Wednesday, March 25, 2015

Our Victory in the Balance

Many claim that it was impossible for Christ to be overcome by temptation.  Then He could not have been placed in Adam's position; He could not have gained the victory that Adam failed to gain.  If we have in any sense a more trying conflict than had Christ, then He would not be able to succor us.  But our Savior took humanity, with all it liabilities. He took the nature of man, with the possibility of yielding to temptation.  We have nothing to bear which He has not endured.

With Christ, as with the holy pair in Eden, appetite was the ground of the first great temptation.  Just where the ruin began, the work of our redemption must begin.  As by the indulgence of appetite Adam fell, so by denial of appetite Christ must overcome.  "And when He had fasted forty days and forty nights, He was afterward an hungered. And when the tempter came to Him, he said, If Thou be the Son of God, command that these stoned be made bread.  But He answered and said, It is written, Man shall not live by bread alone, but by every word that proceedeth out of the mouth of God."

From the time of Adam to the time of Christ self-indulgence had increased the power of the appetites and passions, until they had almost unlimited control.  Thus men had become debased and diseased, and of themselves it was impossible for them to overcome.  In man's behalf, Christ conquered by enduring the severest test.  For our sake He exercised a self-control stronger than hunger or death.  And in this first victory were involved other issues that enter into all our conflicts with the powers of darkness.
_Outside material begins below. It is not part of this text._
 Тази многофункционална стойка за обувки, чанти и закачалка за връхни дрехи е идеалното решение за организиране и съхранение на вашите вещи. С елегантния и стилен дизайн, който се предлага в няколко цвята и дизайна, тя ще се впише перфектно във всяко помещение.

When Jesus entered the wilderness, He was shut in by the Father's glory.  Absorbed in communion with God, He was lifted above human weakness.  But the glory departed, and He was left to battle with temptation.  It was pressing upon Him every moment.  His human nature shrank from the conflict that awaited Him.  For forty days He fasted and prayed.  Weak and emaciated from hunger, worn and haggard with mental agony, "His visage was marred more than any man, and His form more than the sons of men."  Isaiah 52; 14.  Now was Satan's opportunity.  Now he supposed that he could overcome Christ.
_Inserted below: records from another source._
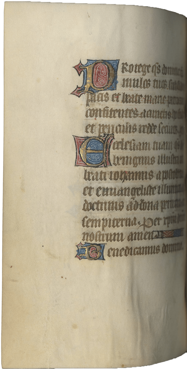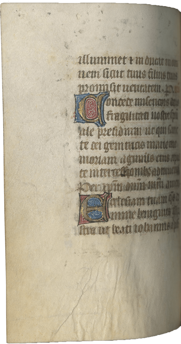 The Ravenelle Painter was a French manuscript illuminator active between 1390 and 1405. Little is known about him. Lindqvist Sandgren describes his art as such: “The painting in the books of hours conforms with the characteristics that distinguish the Ravenelle Painter: a distinct contour line, elongated upper bodies, and round faces with contented expressions…Also the background landscape is sparse and decorative patterns fill the diapered polychrome backgrounds…” (Lindqvist Sandgren, 2002, p/ 54). Eva Lindqvist Sandgren used stylistic comparison to identify this artist as the illuminator of a Book of Hours datable between 1400 and 1405 now in the Uppsala University Library, known as the Johannette Ravenelle Hours (MS C 517e). This identification is now widely accepted. The artist – for whom we have little biographical information – lived and worked in Paris, producing large secular works as well as religious treatises written in the vernacular in French. He also is known to have painted a few Books of Hours and the presence of vernacular texts in these Horae is noteworthy (see Text below). The present Horae contain over twenty leaves of vernacular prayers, in particular the very interesting Obsecro te and O Intemerata translated in French).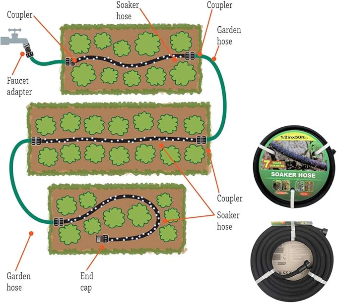 - Perfect Delivery of Water - Save up to 70% water. Evenly waters from beginning to end slowly, steady release at the soil line. This ensures that water is not wasted. The slow release allows the soil around plant roots to gradually absorb the water. And the proximity of the hose to soil means that very little if any is lost to evaporation.Liquid fertilizer can be used to distribute nutrients to planting through the soaker hose.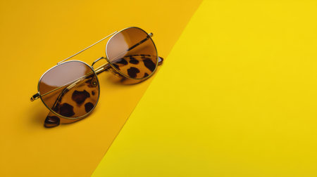 Stylish brown sunglasses on yellow background with copy space.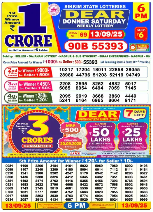 Lottery Sambad Day 6:00 PM 13.9.2025. You can find the Lottery Sambad Day result 13/9/2025. Nagaland State Lotteries 13.9.2025 Lottery Sambad Today Day Result at 6 PM. Dear Day result from 6:00 PM. Dear Dau Results.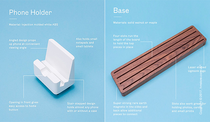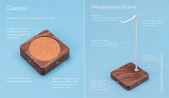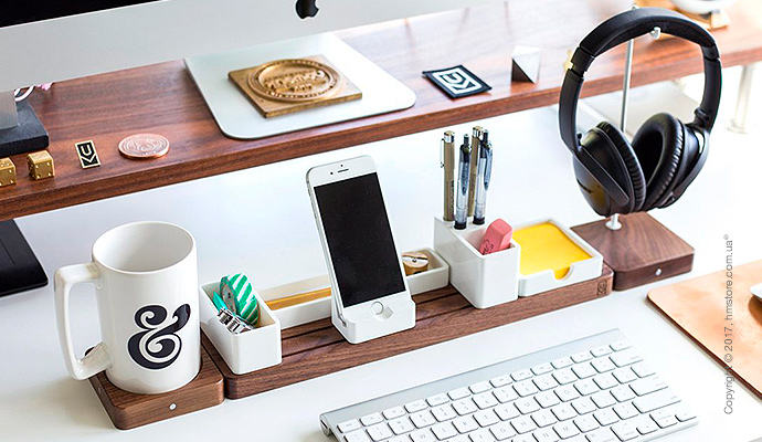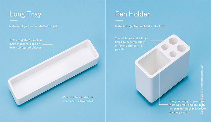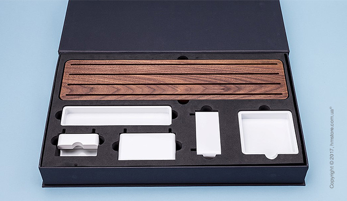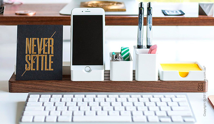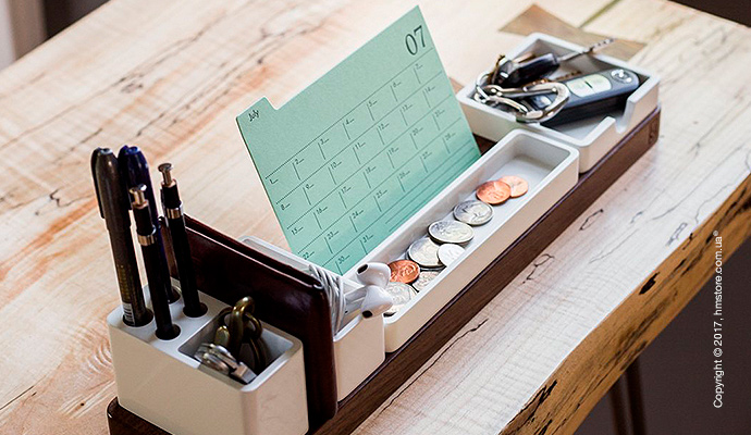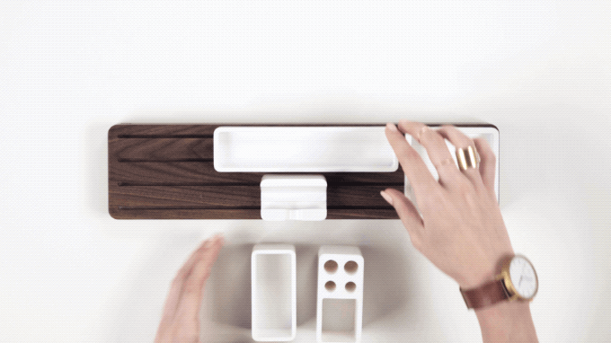 Дизайнер хотел создать органайзер, который подойдет всем, учитывая, что все мы разные. Самое главное в «Gather» – это порядок и минимализм. Этот органайзер доступен в двух вариантах древесины – орех (который гармонично контрастирует со светлыми столами) и светлый клен (который отлично выделяется на темных столах). В базовую комплектацию входит основание и аксессуары, а дополнительно можно приобрести две подставки.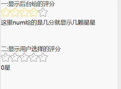 星级评分分成两种情况: 一:展示后台给的评分数据 二:用户点击第几颗星星就显示为几星评分;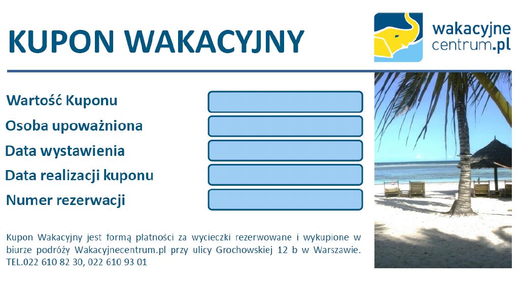 Proponujemy Państwu zakup Kuponu Wakacyjnego o dowolnej wartości na prezent świąteczny dla bliskiej osoby, do wykorzystania w ciągu roku w biurze.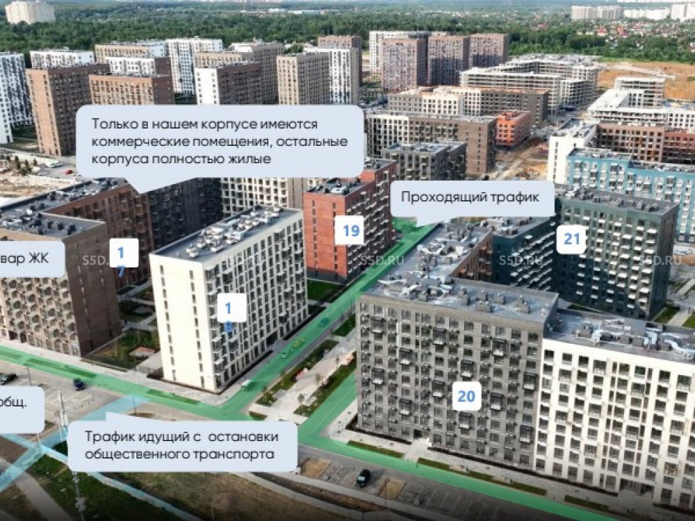 Высокий пешеходный трафик, основная пешеходная тропа, на въезде в ЖК. Мало коммерческих помещений, только в первой линии домов.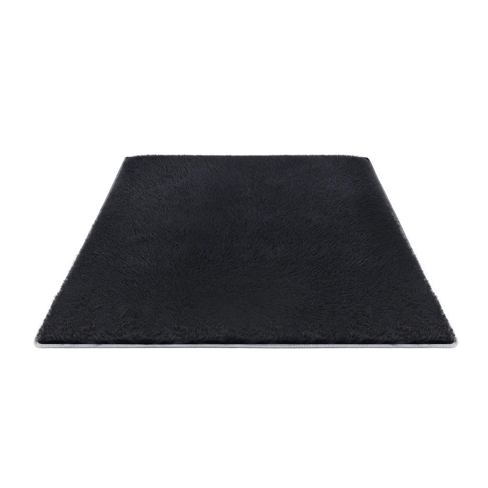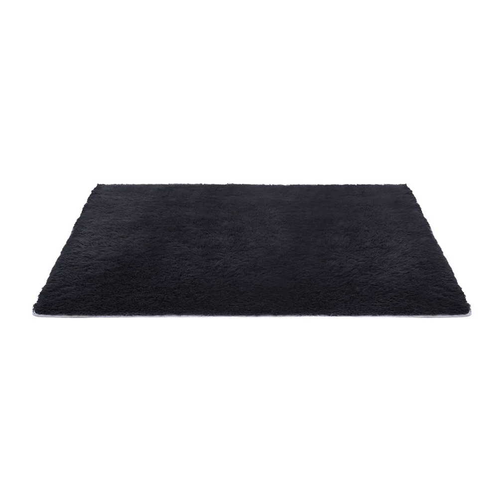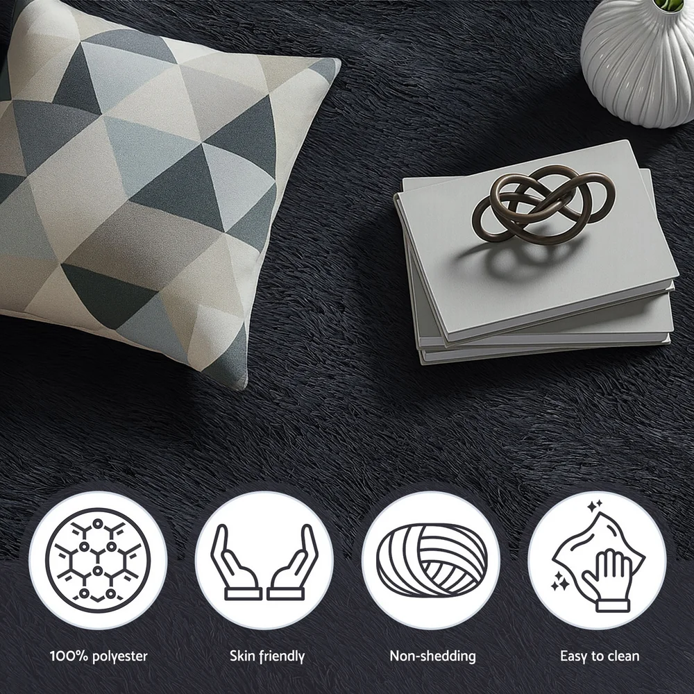 Artiss 140x200cm Black Shaggy Rug - Luxurious High-Pile Polyester Carpet with Foam Cushioning & Anti-Slip Backing

There came to the Savior, as if in answer to His prayers, one in the guise of an angel from heaven.  He claimed to have a commission from God to declare that Christ's fast was at an end.  As God had sent and angel to stay the hand of Abraham from offering Isaac, so, satisfied with Christ's willingness to enter the bloodstained path, the Father had sent an angel to deliver Him; this was the message brought to Jesus. The Savior was faint from hunger He was craving for food, when Satan came suddenly upon Him.  Pointing to the stones which strewed the desert, and which had the appearance of loaves the tempter said, 'If Thou be the Son of God, command that these stones be made bread'.

Though he appears as an angel of light, these first words betray his character.  "If Thou be the Son of God."  Here is the insinuation of distrust.  Should Jesus do what Satan suggests, it would be an acceptance of the doubt. Satan plans to overthrow Christ by the same method that was so successful with the human race in the beginning.  How artfully had Satan approached Eve in Eden!  "Yea, hath God said, ye shall not eat of every tree of the garden?" Genesis 3:1. Thus far the tempter's words were truth; but in his manner of speaking them there was a doubt of the divine truthfulness.  Satan sought to instill into the mind of Eve the thought that God would not do as He had said; that the withholding of such beautiful fruit was a contradiction of His love and compassion for man.  So now the tempter seeks to inspire Christ with his own sentiments.   "If Thou be the Son of God."  The words rankle with bitterness in his mind.  In the tones of his voice is an expression of utter incredulity.  Would God treat His own Son thus?  Would He leave Him in the desert with wild beast, without food, without companions, without comfort?  He insinuates that God never meant His Son to be in such a state as this.  "If Thou be the Son of God," show Thy power in relieving Thyself of this pressing hunger.  Command that this stone be made bread.

(This was just the first temptation.  Can you see what Christ went through in the wilderness just to give us the power to overcome appetite?  We can do it, but not in our own strength.  We have no power of ourselves to meet Satan on his grounds.  We must have Christ's power within us to be able to resist Satan's temptations, and believe me, he has one or more for every one of us on the grounds of appetite.  I have been through so much over this very sin.  Of ourselves we cannot overcome this hideous sin that Satan has blinded us with.  We must be filled with the fullness of God to be able to meet Satan with "It is Written".  Two good verses for this is Philippians 1:6 and 1 Thessalonians 5:23,24.  Also Jude 24.  There are so many promises to give us the power over Satan, we just need to put them to memory in our hearts so we have them as Christ did.  Grandma Joan)  Taken from the Desire of Ages, chapter 12.